In this world there are men of books and men who know what is not in books. My grandfather had told me about my father when I was a boy. Fighting always is more than just words. It is the most beautiful and difficult thing.
But for all my fighting I had never killed a man. And then I could not do this. So I left my father lying in the dark of a door that opened into the house of someone else. I left Veracruz with his laughter following me. I walked that night over railroad ties beneath the stars until I was no longer in the lights of the city but in the shadow and dark beyond like walking from the light of some fire into an even brighter darkness.
For four years I traveled with work around northern Mexico and into the United States. Fighting and drinking and imposing my great size on others as I went. Hopping trains or by foot I traveled north through Zacatecas and Durango. Through country where the faint blue hills and mountains are honeycombed from so many abandoned mines. Unable to sleep in the rickety cold of a boxcar one night I passed under the full moon a small mountain city that shone blue with silver so much in the stones of its houses and buildings left from a time when reducing the ore did not remove all the precious metal. I remember sleeping by a long narrow lake and waking to the sounds of geese and ducks in the reeds. I once saw a mountain lion that did not see me come down an arroyo to drink from a fresh spring that I camped near. I witnessed half wild mustangs eating rich buffalo grass in the low country of the Bajío region. I rode trains past plowmen trenching dry sandy topsoil with wooden plows like those my father had taught me the Egyptians used.

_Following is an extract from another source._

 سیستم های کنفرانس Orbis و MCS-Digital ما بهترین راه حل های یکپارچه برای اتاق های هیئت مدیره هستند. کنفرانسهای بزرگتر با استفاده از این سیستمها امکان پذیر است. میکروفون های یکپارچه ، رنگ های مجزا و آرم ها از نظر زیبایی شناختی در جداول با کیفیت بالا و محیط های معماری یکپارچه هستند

When I was sixteen in the rock mountains of Sonora I found hard dusty work moving rock behind bulldozers and power shovels carving roads to link Mexico and the United States through the border towns of Nogales and Ciudad Juárez and El Paso. I watched great explosions take entire copper colored hillsides away momentarily coloring the sky orange. Below these explosions hundreds of shirtless men stood. Covering our ears as dust clouds settled on the sweat of our forearms like flecks of raining red gold. I watched graders scrape miles of shrubs and trees to expose dirt to use to level the roads over the desert of Chihuahua and Coahuila. We lived for weeks at a time in a land so desolate and dry we drank water warm from pouches with mold brought to us on the backs of burros. Over land so flat and barren small animals seemed great in size and where curious mirages consumed our imaginations. I worked to build roads for trucks to carry loads from the gypsum and silver mines into the United States. Gypsum and silver and copper and gold and iron and mica and marble and alabaster. These mines in Mexico but owned by American companies.

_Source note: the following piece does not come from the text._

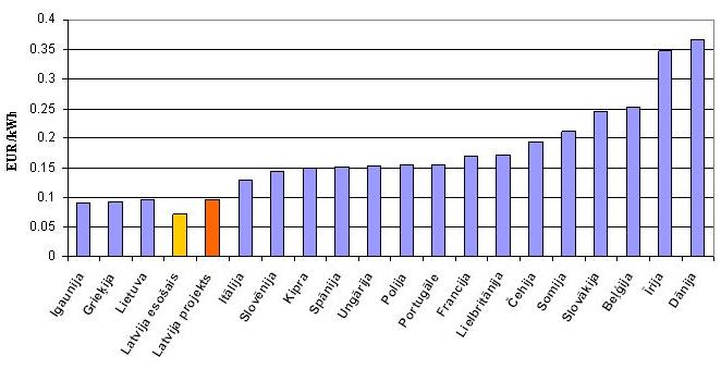 Eiropas Savienības valstu elektroenerģijas tarifi, salīdzinājums:

On the plains of Texas when I was seventeen I cut my hands on barbed wire stretching fences miles without end under that cornerless blue sky. Measuring days by the number of holes I dug and posts I set. At night setting fence posts in my sleep. Nightmares about bushes that if you touch them and then rub your eyes you will go blind. Death if you eat the leaves. Waking beside campfires doused in the mornings with orange piss from men who drink little water but much whiskey and tequila. Eating canned meat. I hid beside pickup trucks from great dust storms. Woke in the middle of the night by quiet wolves. Listened to men tell stories about work in the mines of Zacatecas. Of a worker lowered by rope into the smoking crater of Popocatépetl for sulfur.
By wide shallow sandy rivers ferried down by drowsy river men and by trains heavy with iron ore I traveled south to Ciudad México. When I was eighteen I hung from ropes tied around my waist dangling from the sides of concrete and glass buildings. Buildings built taller than those of the once great Tenochtitlán. Stories above the earth in black air braiding ropes to hold my great weight I coughed and spit black and green coins of snot near to those below. Daring men to fight me. My laugh muted in the roar of machines but my smile telling all.
And during all this work my hands only grew more strong each day. My shoulders more perfect for throwing my fists. The desire to put myself before other men more within me as my grandfather promised it was to be.
In 1945 during World War II in the north of California I worked in the Bracero Program as a laborer. For an entire year in the farm town of Burnridge I worked on a prune farm. In this small town I encountered the first woman I was with without having to give her money. This woman was the wife of a Mexican I worked for who also labored for the Americans but spoke English. Her name was Perla. I did not care for the husband but I believed then that I cared very much for his wife and so much that I would do anything for her. She worked as a waitress in a café for Mexicans. After work and late into the night I drank coffee instead of beer or whiskey just to watch her wipe counters with steaming white cloths. Her hands dry from washing dishes. Her fingers long and delicate. The other waitresses giggled behind the counter and smiled over their shoulders at me. Once one of the other waitresses came to take my order but Perla hissed at this girl and then came to stand before me smiling as if nothing had passed between them. I spoke to no one but her. And then it was only.
Café por favor.
Nada más?
Por favor.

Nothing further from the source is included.